And we don't really want a fuzzer as a selftest, because it might call unlink
or something else bad.

But having found the bug with the fuzzer, can't you write a test that triggers
the bad case?

From your description it sounds like if you had a child spinning with a bad r1,
and then a parent sent it a signal that would trip it?

cheers
Michael Neuling Nov. 16, 2015, 10:21 a.m. UTC | #4
On Mon, 2015-11-16 at 20:33 +1100, Michael Ellerman wrote:
> On Mon, 2015-11-16 at 20:23 +1100, Michael Neuling wrote:
> > On Mon, 2015-11-16 at 12:51 +0530, Anshuman Khandual wrote:
> > > On 11/13/2015 10:27 AM, Michael Neuling wrote:
> > > > Currently we can hit a scenario where we'll tm_reclaim() twice.
> > > >  This
> > > > results in a TM bad thing exception because the second reclaim
> > > > occurs
> > > > when not in suspend mode.
> > > > 
> > > > The scenario in which this can happen is the following.  We
> > > > attempt
> > > > to
> > > > deliver a signal to userspace.  To do this we need obtain the
> > > > stack
> > > > pointer to write the signal context.  To get this stack pointer
> > > > we
> > > > must tm_reclaim() in case we need to use the checkpointed stack
> > > > pointer (see get_tm_stackpointer()).  Normally we'd then return
> > > > directly to userspace to deliver the signal without going
> > > > through
> > > > __switch_to().
> > > > 
> > > > Unfortunatley, if at this point we get an error (such as a bad
> > > > userspace stack pointer), we need to exit the process.  The
> > > > exit
> > > > will
> > > > result in a __switch_to().  __switch_to() will attempt to save
> > > > the
> > > > process state which results in another tm_reclaim().  This
> > > > tm_reclaim() now causes a TM Bad Thing exception as this state
> > > > has
> > > > already been saved and the processor is no longer in TM suspend
> > > > mode.
> > > > Whee!
> > > > 
> > > > This patch checks the state of the MSR to ensure we are TM
> > > > suspended
> > > > before we attempt the tm_reclaim().  If we've already saved the
> > > > state
> > > > away, we should no longer be in TM suspend mode.  This has the
> > > > additional advantage of checking for a potential TM Bad Thing
> > > > exception.
> > > 
> > > Can this situation be created using a test and verified that with
> > > this new change, the kernel can handle it successfully. I guess
> > > the self test in the series does not cover this scenario.
> > 
> > No it doesn't.  The syscall fuzzer I have does hit it but I don't
> > have
> > permission to post that.
> 
> And we don't really want a fuzzer as a selftest, because it might
> call unlink
> or something else bad.
> 
> But having found the bug with the fuzzer, can't you write a test that
> triggers
> the bad case?
> 
> > From your description it sounds like if you had a child spinning
> > with a bad r1,
> and then a parent sent it a signal that would trip it?

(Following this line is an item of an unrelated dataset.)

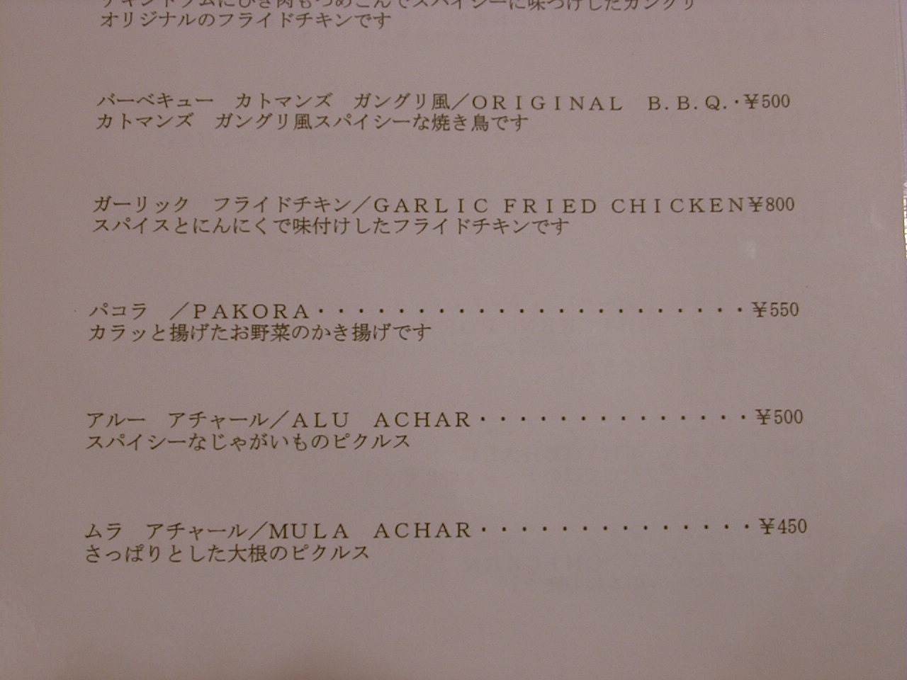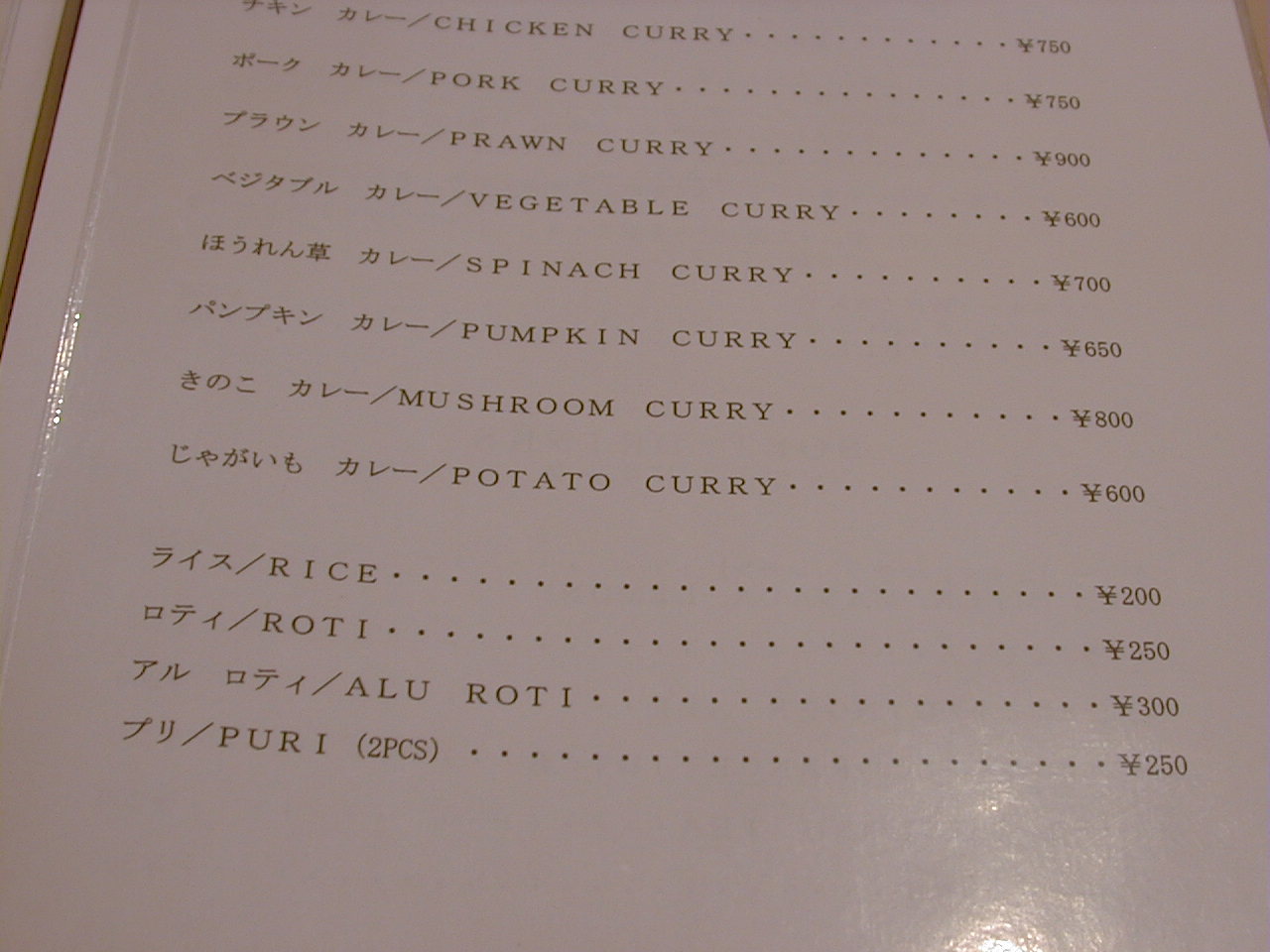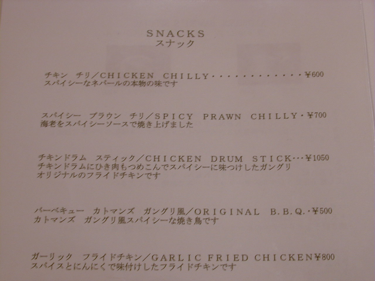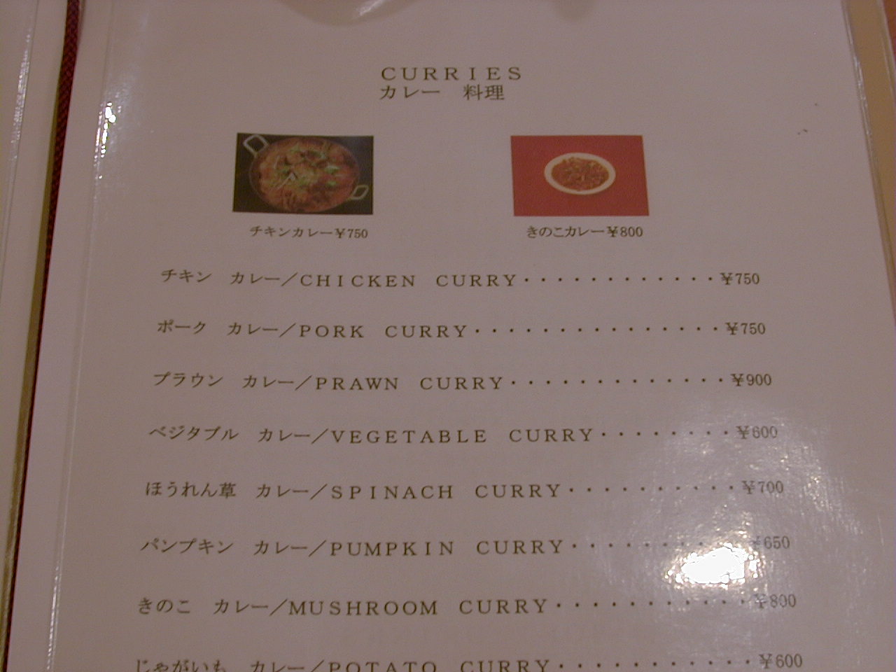 2001/10/27: ?のメニュー

You'd need to turn on TM too, but yeah... I have something like this
working which I'll cleanup and post as a self test:

#include <unistd.h>
#include <sys/types.h>
#include <sys/wait.h>
#include <stdlib.h>
#include <stdio.h>
#include <signal.h>

void signal_segv(int signum)
{
	/* This should never actually run since stack is foobar */
	exit(1);
}

int main()
{
	int pid;

	pid = fork();
	if (pid < 0)
		exit(1);

	if (pid) {
		// Parent
		wait(NULL);
		printf("PASSED\n");
		return 0;
	}

	if (signal(SIGSEGV, signal_segv) == SIG_ERR)
		exit(1);

	asm volatile("li 1, 0 ;"
		     "1:"
		     ".long 0x7C00051D ;" // tbegin
		     "beq 1b ;" // retry for ever
		     ".long 0x7C0005DD ; ;" // tsuspend
		     "ld 2, 0(1) ;" // trigger segv"
		     : : : "memory");

	return 1;
}
diff mbox

Patch

diff --git a/arch/powerpc/kernel/process.c b/arch/powerpc/kernel/process.c
index 5fbe5d8..a1b41d1 100644
--- a/arch/powerpc/kernel/process.c
+++ b/arch/powerpc/kernel/process.c
@@ -551,6 +551,25 @@  static void tm_reclaim_thread(struct thread_struct *thr,
 		msr_diff &= MSR_FP | MSR_VEC | MSR_VSX | MSR_FE0 | MSR_FE1;
 	}
 
+	/*
+	 * Use the current MSR TM suspended bit to track if we have
+	 * checkpointed state outstanding.
+	 * On signal delivery, we'd normally reclaim the checkpointed
+	 * state to obtain stack pointer (see:get_tm_stackpointer()).
+	 * This will then directly return to userspace without going
+	 * through __switch_to(). However, if the stack frame is bad,
+	 * we need to exit this thread which calls __switch_to() which
+	 * will again attempt to reclaim the already saved tm state.
+	 * Hence we need to check that we've not already reclaimed
+	 * this state.
+	 * We do this using the current MSR, rather tracking it in
+	 * some specific bit thread_struct bit, as it has the
+	 * additional benifit of checking for a potential TM bad thing
+	 * exception.
+	 */
+	if (!MSR_TM_SUSPENDED(mfmsr()))
+		return;
+
 	tm_reclaim(thr, thr->regs->msr, cause);
 
 	/* Having done the reclaim, we now have the checkpointed